WHAT TO WORK ON:
Repeat the lines from the one containing "Polgármester-választás: Másfél év" through the last line of the data, exactly, pictures omitted.
┌─ DATA FOR ANALYSIS
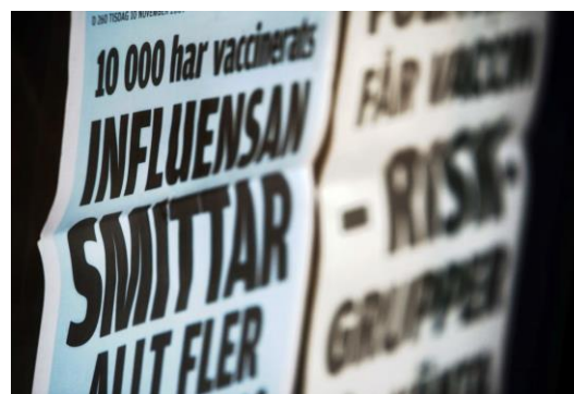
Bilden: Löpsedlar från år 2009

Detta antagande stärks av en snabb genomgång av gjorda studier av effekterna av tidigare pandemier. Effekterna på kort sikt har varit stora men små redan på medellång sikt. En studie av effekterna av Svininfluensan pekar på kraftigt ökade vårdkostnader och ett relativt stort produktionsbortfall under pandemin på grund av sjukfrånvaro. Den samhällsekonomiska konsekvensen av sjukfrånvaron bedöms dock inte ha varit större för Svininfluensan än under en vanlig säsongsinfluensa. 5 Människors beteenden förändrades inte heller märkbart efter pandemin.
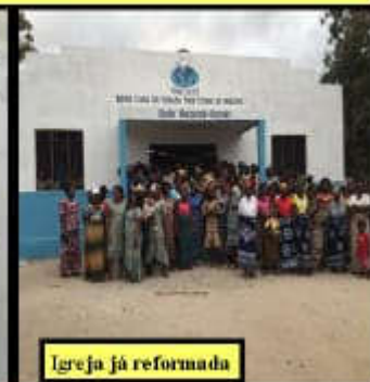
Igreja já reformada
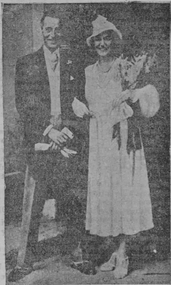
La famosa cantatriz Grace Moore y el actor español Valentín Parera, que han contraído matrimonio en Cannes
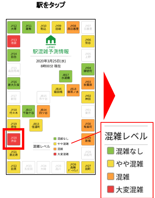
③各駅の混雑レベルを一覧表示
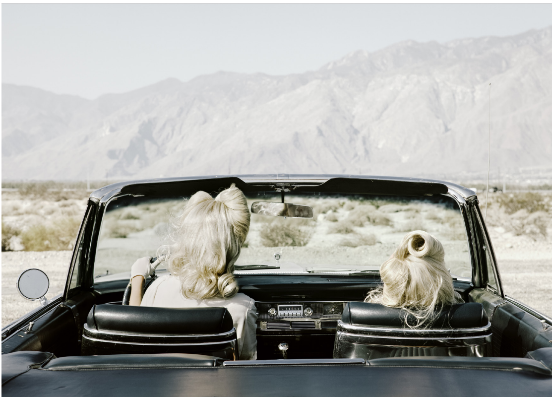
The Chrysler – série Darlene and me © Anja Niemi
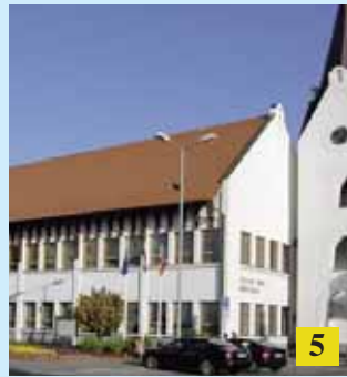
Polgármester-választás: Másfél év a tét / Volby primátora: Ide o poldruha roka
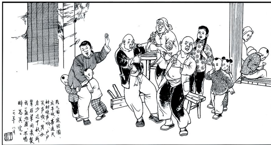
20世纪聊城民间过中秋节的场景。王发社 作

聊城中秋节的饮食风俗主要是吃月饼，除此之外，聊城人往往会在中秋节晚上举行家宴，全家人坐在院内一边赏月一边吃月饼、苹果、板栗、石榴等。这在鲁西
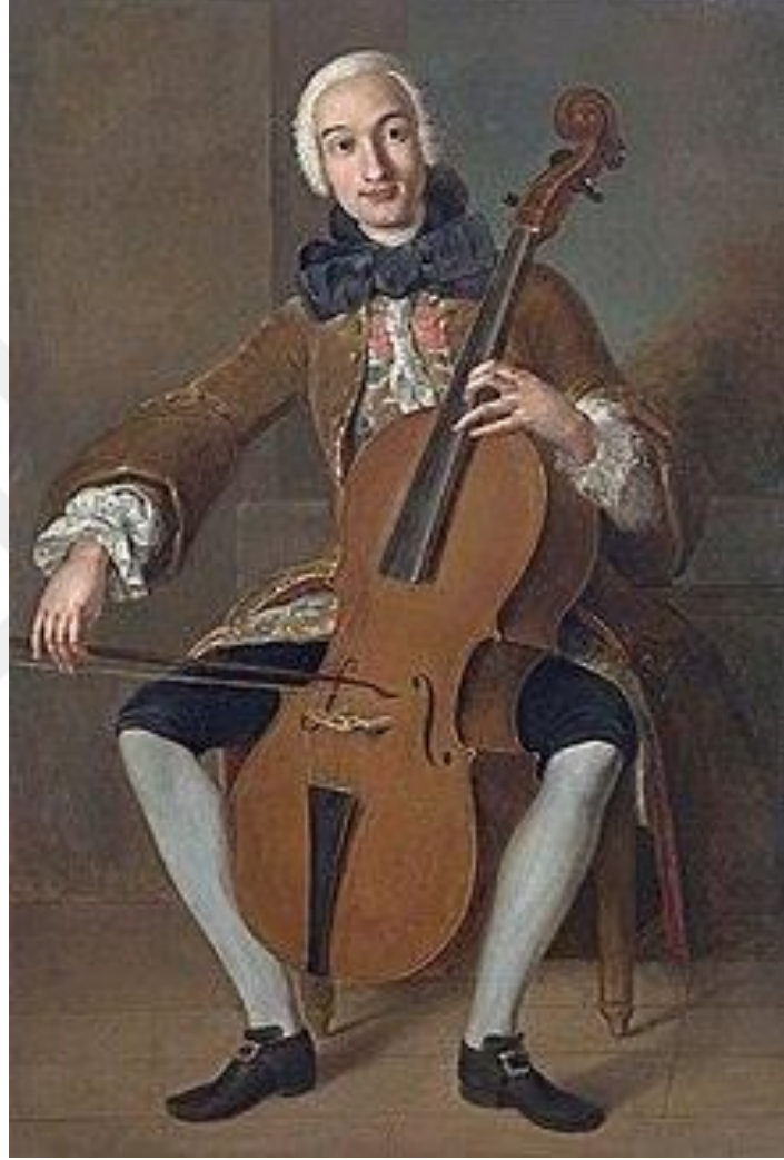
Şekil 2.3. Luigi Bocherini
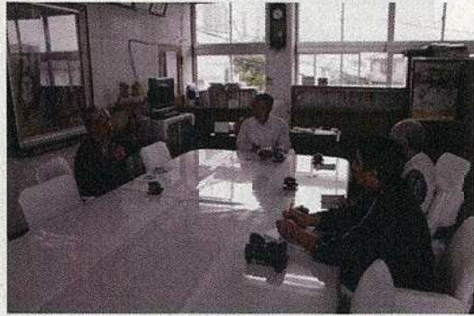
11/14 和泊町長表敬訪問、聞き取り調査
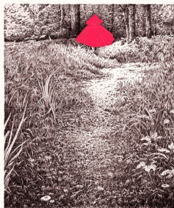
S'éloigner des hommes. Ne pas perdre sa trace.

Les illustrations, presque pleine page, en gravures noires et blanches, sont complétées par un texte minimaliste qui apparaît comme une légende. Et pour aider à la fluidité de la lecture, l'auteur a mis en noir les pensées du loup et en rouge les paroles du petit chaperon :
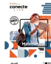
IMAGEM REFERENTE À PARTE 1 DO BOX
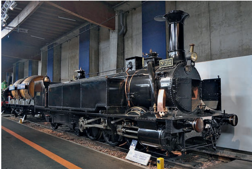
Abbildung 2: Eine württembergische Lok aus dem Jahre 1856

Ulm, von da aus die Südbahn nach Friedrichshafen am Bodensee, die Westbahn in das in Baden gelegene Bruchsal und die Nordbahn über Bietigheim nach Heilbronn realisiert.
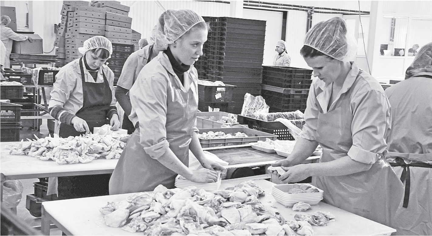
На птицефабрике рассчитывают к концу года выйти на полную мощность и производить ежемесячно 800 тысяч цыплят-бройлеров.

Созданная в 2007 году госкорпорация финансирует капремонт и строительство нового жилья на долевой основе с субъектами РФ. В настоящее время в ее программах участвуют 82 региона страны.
└─
RESPONSE TO THE TASK:
Polgármester-választás: Másfél év a tét / Volby primátora: Ide o poldruha roka
20世纪聊城民间过中秋节的场景。王发社 作

聊城中秋节的饮食风俗主要是吃月饼，除此之外，聊城人往往会在中秋节晚上举行家宴，全家人坐在院内一边赏月一边吃月饼、苹果、板栗、石榴等。这在鲁西
Şekil 2.3. Luigi Bocherini
11/14 和泊町長表敬訪問、聞き取り調査
S'éloigner des hommes. Ne pas perdre sa trace.

Les illustrations, presque pleine page, en gravures noires et blanches, sont complétées par un texte minimaliste qui apparaît comme une légende. Et pour aider à la fluidité de la lecture, l'auteur a mis en noir les pensées du loup et en rouge les paroles du petit chaperon :
IMAGEM REFERENTE À PARTE 1 DO BOX
Abbildung 2: Eine württembergische Lok aus dem Jahre 1856

Ulm, von da aus die Südbahn nach Friedrichshafen am Bodensee, die Westbahn in das in Baden gelegene Bruchsal und die Nordbahn über Bietigheim nach Heilbronn realisiert.
На птицефабрике рассчитывают к концу года выйти на полную мощность и производить ежемесячно 800 тысяч цыплят-бройлеров.

Созданная в 2007 году госкорпорация финансирует капремонт и строительство нового жилья на долевой основе с субъектами РФ. В настоящее время в ее программах участвуют 82 региона страны.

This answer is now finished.